Приходила мысль: если Бога нет, и я не поп, то почему бы не завести человеческий роман с этой барышней? Но, несмотря на искристую рябь помыслов, Разговеев оставался целомудренно сдержан, и не потому, что какие-то остаточные корешки религиозности претили возможному счастью, но почтение к памяти покойной жены непроизвольно сдерживало от всех игривых поползновений.
Так и жил Разговеев – гражданской единицей.

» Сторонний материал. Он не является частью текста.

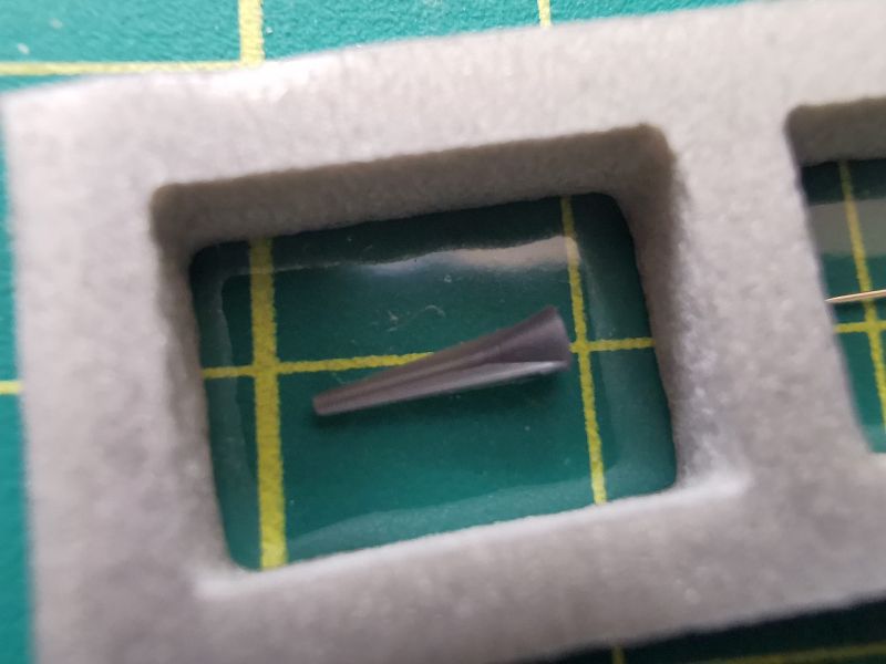 MiG-29 ma bardzo charakterystyczną rurkę pitota, z czymś w postaci podłużnych trójkątnych stabilizatorów. Elementy wtryskowe w modelach wypadały różnie. Trumpeter nie jest tu wyjątkiem. Detal ten w ich wykonaniu wymaga waloryzacji w uwagi na ograniczenia technologiczne. Jest po prostu toporny i nie wpisuje się we współczesne standardy. Na rynku obecnie mamy wiele zestawów, przy pomocy których ten element można poprawić. Zazwyczaj są to wytoczone w metalu rurki pitota do których należało dokleić fototrawione stabilizatory. Czasem same stabilizatory wchodziły w skład zestawów elementów fototrawionych. Montaż tych stabilizatorów nie należał do łatwych i nie zawsze wychodził zgodnie z oczekiwaniami. W omawianym zestawie rurkę pitota opracowała i wykonała szczecińska firma Master Model. Tego producenta także nie trzeba nikomu przedstawiać. Zastosowano tu niezwykle sprytny i prosty patent. Metalową rurkę pitota wkładamy w wydruk stanowiący jej podstawę. Ma ona stabilizatory już na swoim miejscu, więc odpada wycinanie, pasowanie, przyklejanie, przeklinanie i temu podobne czynności. Wystarczy złożyć w całość i wkleić na swoje miejsce. Jak widać na zdjęciach rurka pitota jest solidnie zabezpieczona przed przypadkowym uszkodzeniem, zaś na torebce znajdziemy logotyp producenta. Swoja drogą, ciekawe czy ta rurka znajdzie się w stałej ofercie Master Model, bo na chwilę obecną znaleźć ją możemy tylko w tym zestawie.

Ходил на работу, читал газеты, посещал антирелигиозные лекции, на которых и сам выступал несколько раз с разоблачающими культ речами, смотрел в театре революционные пьесы, пока…
Пока не оборвалось все это и не полетело в пропасть.
Морозной галлюцинаторно-параноидной ночью декабря двадцать первого года, когда корчилась в припадке вьюга над обмершей землей, и Разговеев, намаявшись бессонницей, начал было проскальзывать в игольное ушко сна, у кровати возникли две высокие черные фигуры. Чернота их была плотнее и чернее той прореженной темноты, что скопилась в комнате.
Глубинной жутью веяло от фигур. С ног до головы облизал Разговеева клейкий язык невидимого чудовища, которое мы, люди, зовем страхом.
– Вы кто? – спросил Разговеев, садясь на кровати.
Комната наливалась кроваво-гнилостным полусветом, предметы напоминали в нем потроха и кости. Одеяло, которым до подбородка укрывался сидящий Разговеев, походило теперь на чью-то содранную кожу.